# Murray Meteor Flite Questions



## RadRacer203 (Jun 5, 2018)

Not my first old bike (also have a Murray Aeroline) but I just picked up this nice original Meteor Flite and I had some questions about it. The first thing I was wondering was the year, It's definitely not a 50's one, I know that much. The numbers I can see are MOW 40.... 303426. 


The rear coaster brake is shot and needs replaced but it's not one I've ever seen before- Komet, made in Germany.

I'm also on the hunt for the nut and washer to keep the nut/ bearing piece on the crank from backing out. The crank in it now is a Schwinn unit because I had it laying around and it fit. The pedals were so crossthreaded and stuck in the original crank that I had to cut it apart to get it off, so I need a new set of pedals too. I guess I just need to figure out exactly what I need before I can order the nut.
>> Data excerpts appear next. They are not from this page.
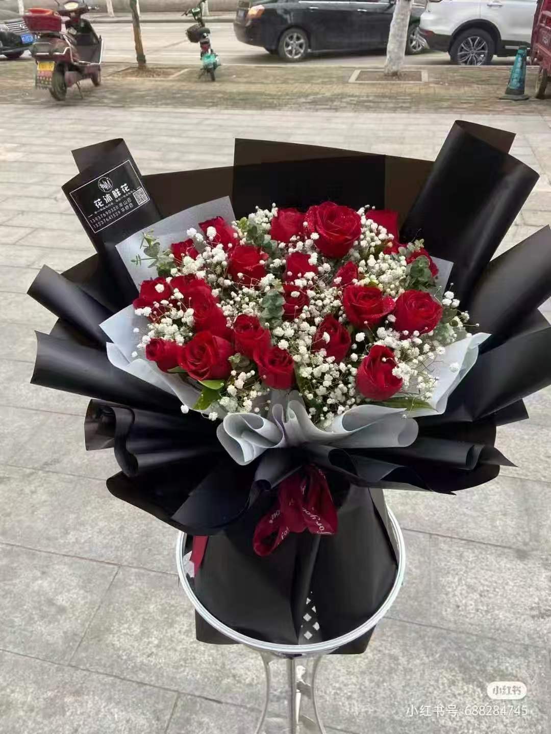 上海花千坊爱上海19支红玫瑰2支白百合配白满天星花束,如图 |
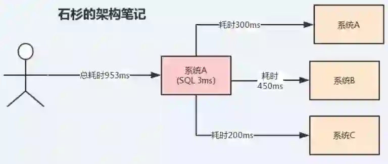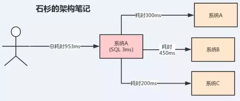 假设自己本地写库要3ms,调用BCD三个系统分别要300ms、450ms、200ms。
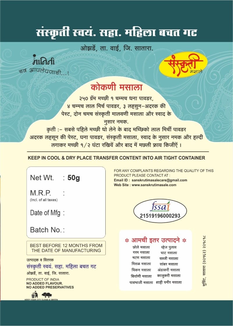 - Natural Ingredients: We believe in the purity of flavors. Sanskruti Masala contains only natural ingredients sourced locally from Maharashtra.
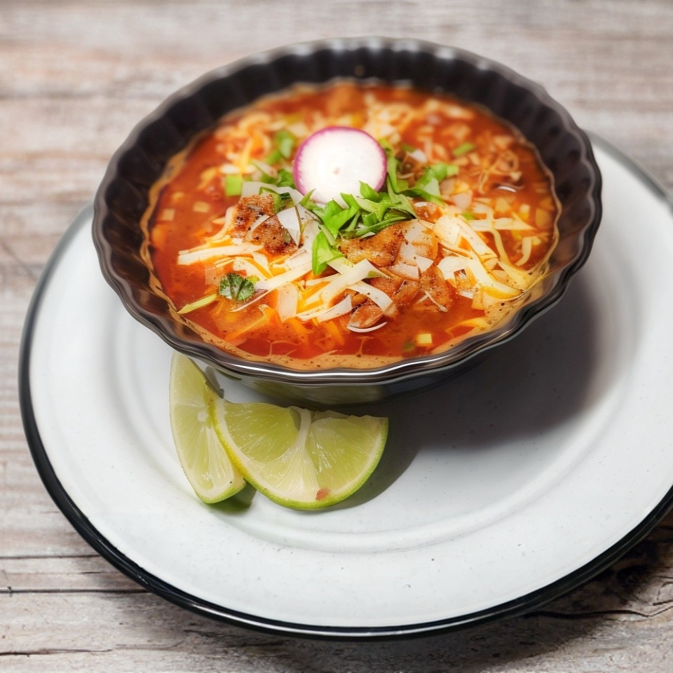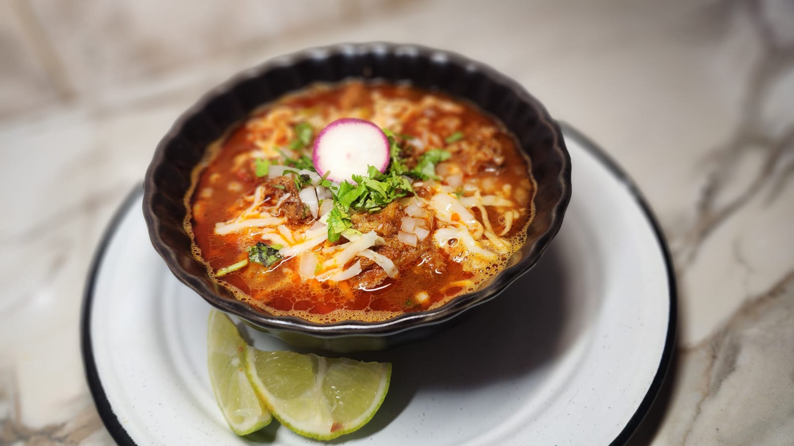 Maruchan hecha en consomé, acompañada queso navarro, birria, cebolla y cilantro.

My last question is, should I keep it stock or customize it a little bit with a metalflake white banana seat and ape hangers? I'm pretty torn about that.


----------



## Freqman1 (Jun 5, 2018)

I sold this exact same type of bike about five years ago. I want to say mine was a '64 but could be wrong. The hubs are not hard to find-- I may still have a couple laying around. Personally it looks pretty nice and original so I wouldn't screw with it. Then again not a terrible amount of value so it isn't like you're destroying a Bluebird. Your call. V/r Shawn


----------



## RadRacer203 (Jun 5, 2018)

I was thinking if I did make any modifications they would have to be easily reversible, and I would keep all the original parts. That said, I did some thinking, and I was talking to my brother who's probably going to be the main rider, and I think I'm going to go with a different rear hub with a 20 tooth sprocket instead of the 18 tooth on it now. Lots of hills in my area. The only thing that's worrying me is finding that nut because I have 3 cranks- 1 random Schwinn that's in this now, the one on my Aeroline, and the original from this bike and they all have very slightly different threads to them.


----------



## RadRacer203 (Jun 6, 2018)

Can anyone tell me what size and thread nut and washer I need for the crank? It was the stock crank from a Schwinn Typhoon


----------



## bikemonkey (Jun 8, 2018)

RadRacer203 said:


> Can anyone tell me what size and thread nut and washer I need for the crank? It was the stock crank from a Schwinn Typhoon



If it is a Chicago Schwinn one piece crank, it is 28 TPI - check your local bicycle shop - the hardware is easily sourced.


----------



## RadRacer203 (Jun 8, 2018)

bikemonkey said:


> If it is a Chicago Schwinn one piece crank, it is 28 TPI - check your local bicycle shop - the hardware is easily sourced.



Thanks, I'll try to dig one up.


----------



## RadRacer203 (Jun 9, 2018)

Ok, I found a new nut for the crank and I built a new set of wheels for it today. Just curious if anyone can tell me what year this bike is?


----------



## bikemonkey (Jun 10, 2018)

RadRacer203 said:


> Ok, I found a new nut for the crank and I built a new set of wheels for it today. Just curious if anyone can tell me what year this bike is?



CABE thread for Murray serial number date code.


----------



## RadRacer203 (Jun 10, 2018)

Thanks, I found it and it looks like I was exactly right in my guess that it was a '63.


----------